Here is some general advice.

  • Avoid use of vendor SDKs that do not wrap RESTful services.
  • Minimize use of vendor SDKs.
  • Abstract all vendor SDKs.
  • Look for vendors with infrequent SDK updates that are primarily about modeling (such as model generation tools), bugfixes, exposing additional features, and otherwise, not expanding the SDK or APIs.
  • Centralize dependencies to the minimum number of projects that depend on on vendor SDKs using something like the repository pattern described in this blog. Your other projects can depend on these projects without depending directly on the vendor SDK.

Even for small SDKs that wrap well-defined and/or stable RESTful APIs, creating dependencies on a vendor’s SDK puts projects at risk. If you find a defect in the SDK, the vendor may not correct it immediately. The vendor may choose to stop supporting a version of the SDK, requiring you to upgrade all instances in all environments. Depending on the scope of the SDK changes, this can be a costly process, which is one of the drivers pushing customers to headless CMS.

Though all factors vary by implementation, consider maintaining multiple solutions that depend on multiple SDKs from multiple vendors with different release cycles for different products even within their own product lines on multiple instances (servers) in multiple tiers (development, test, UAT, production content management, and finally production content delivery), and if you are an implementation partner, for multiple customers, and all of this in multiple parallel universes. Minimize it. Wherever possible, move to SaaS, or at least REST.

The vendors typically suggest that you use the SDK as a NuGet package.
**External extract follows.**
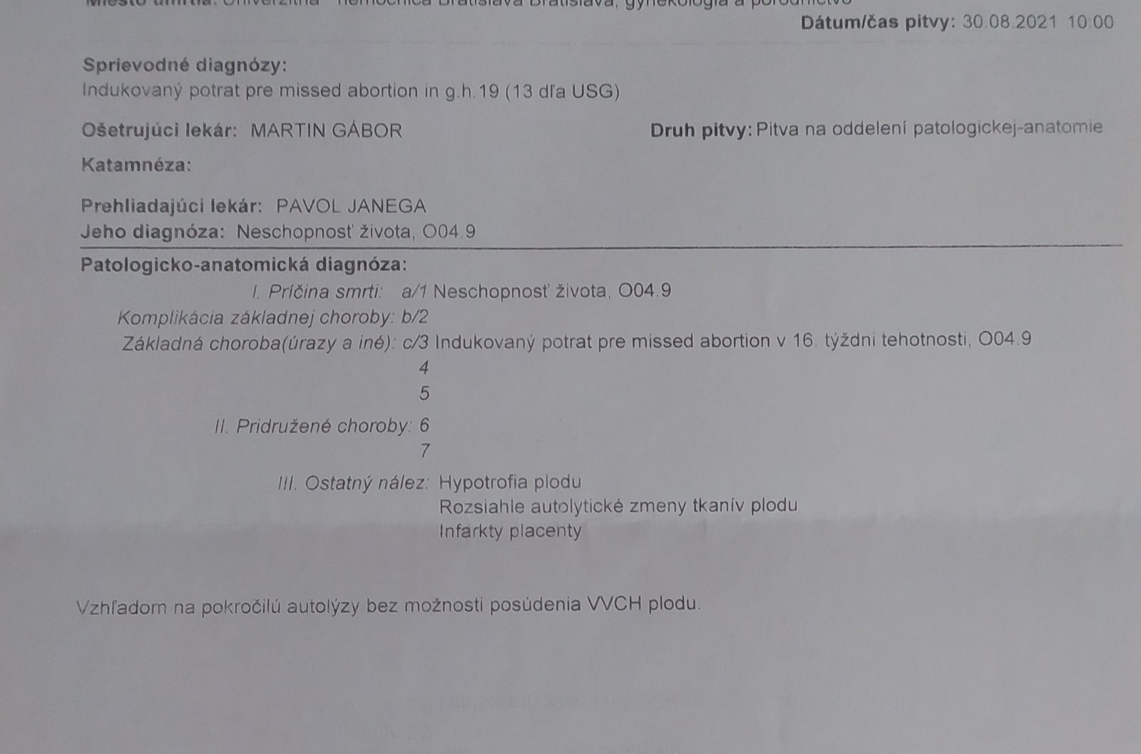 včera som obdržala výsledky z pitvy zo zamlčaného potratu v 19. týždni
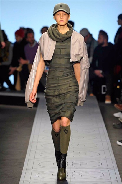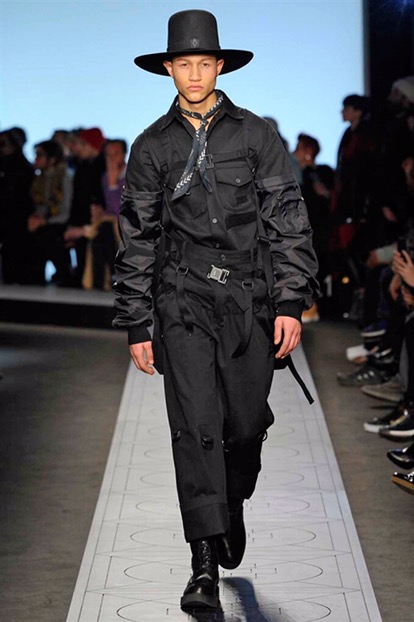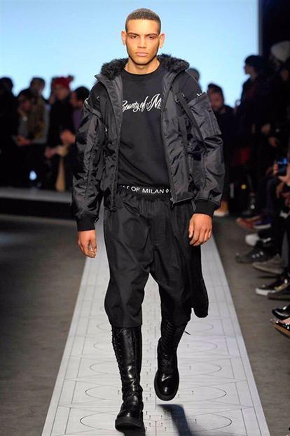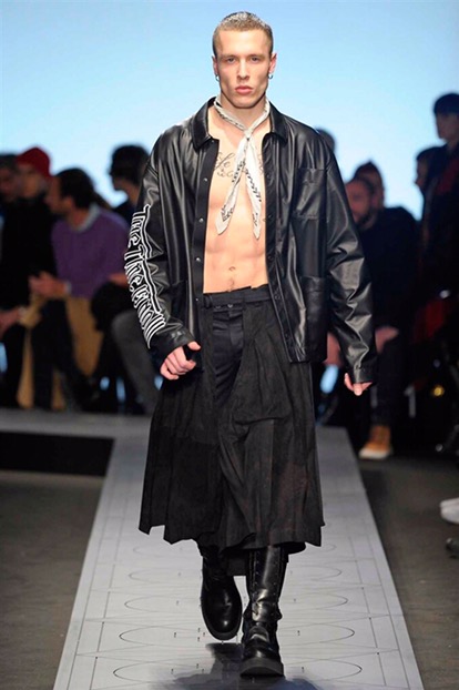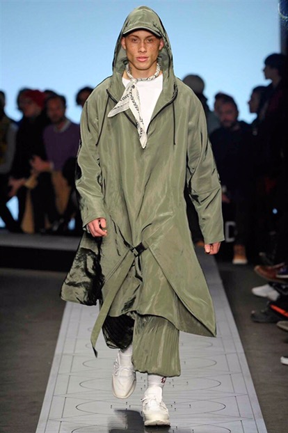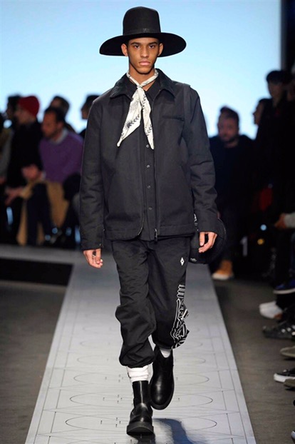 Indossano cappelli dalla tesa larga che si ispirano ai modelli della Patagonia, Paese natale di Burlon. E sfoggiano capi e accessori delle nuove capsule collection realizzate in collaborazione con Kappa, Reebok, Alpha industries, Starter e Ilariusss. Mixati a camicie di pelle, gauchos tech, felpe over e maglieria ricamata. Il tutto declinato nelle nuances del nero, del grigio, del verdone e del burgundy.

At least during development, you may want to add the vendor SDK solution(s) to your projects and make your solutions depend on those projects rather than the NuGet package. In this case, avoid altering the SDK code unless absolutely required, in which case be sure to inform the vendor to implement a corresponding change. When possible, consider alternatives such as extension methods, especially for functionality that changes APIs or behavior rather than just adding instrumentation to the vendor’s code. To avoid complications, costs, and risks, you would not want your branch of the SDK to differ much from the code used by the vendor.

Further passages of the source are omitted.